Edward R. Beardsley
Artist - Writer - Humanist

I haven't always been a humanist. I became one after a friend of mine, who was then Dean of the College of Humanities at UC Riverside, gave a lecture in which he declared the humanites dead or dying. I've always enjoyed being with the underdogs, so I decided I just had to be a humanist. It's a little like being an ivory-billed woodpecker making what may be a last stand or a come back (I can't decide which it is). So, in case some of you business or computer science majors need to ask What's a humanist? The best I can do is quote Kurt Vonnegut - "We Humanists try to behave well without any expectation of rewards or punishments in an afterlife."



E.R. Beardsley has a long and varied career that includes teaching stints at the University of California, Riverside where he was also Dean of the Division of Fine Arts in the College of Humanities, founder and first director of the internationally renown California Museum of Photography, and Special Assistant to the Chancellor for Cultural Affairs.

Mr. Beardsley has also taught at California State University, Fullerton, Scripps College, Claremont, and University of Oregon, Eugene. He currently teaches a history of technology course at the University of LaVerne.

Mr. Beardsley has been a journalist, writing stories on everything from right-wing para-military organizations to the environment. He was for a time the owner of a digital design company, a partner in the publication of a non-profit e-journal dedicated to the arts, humanities, and social sciences. He continues to work now and then as a video producer, a painter and printmaker, and a writer of short stories and essays. In his youth he served three years in the Army Security Agency in Europe, and at various times undertook extensive investigations of the landscapes and biota of the Pacific Northwest and California.

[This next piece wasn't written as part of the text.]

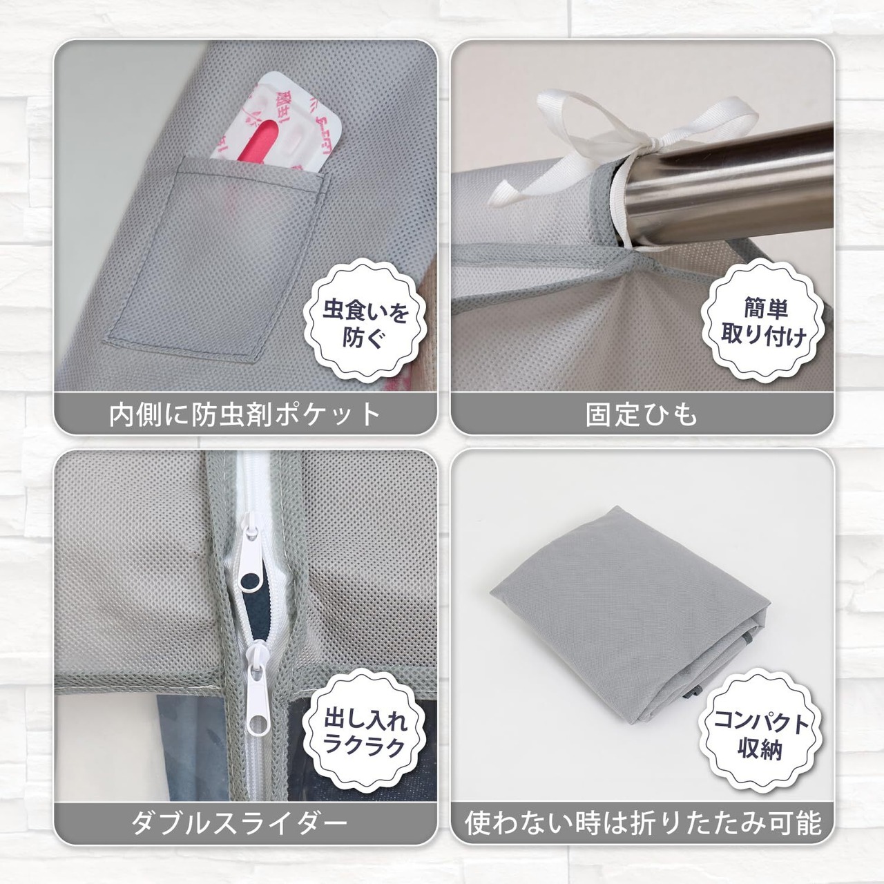 ● 防虫剤ポケットで安心の保管! ● 衣類の保管時に気になる防虫の心配も無用です。専用の防虫剤ポケットが付いているため、安心して衣類を収納できます。長期間の保管でも、安心してお使いいただけます。

Mr. Beardsley is one of the founders of the Riverside Arts Foundation, served as a member of the Working Group for the Digital Image and the International Museum of Photography at George Eastman House, served as a member of grant panels at the National Endowment for the Arts, and was invited to be considered for the post of White House Liason for the Arts and Humanities during the Carter Administration (declined so as to not further excite my ulcer).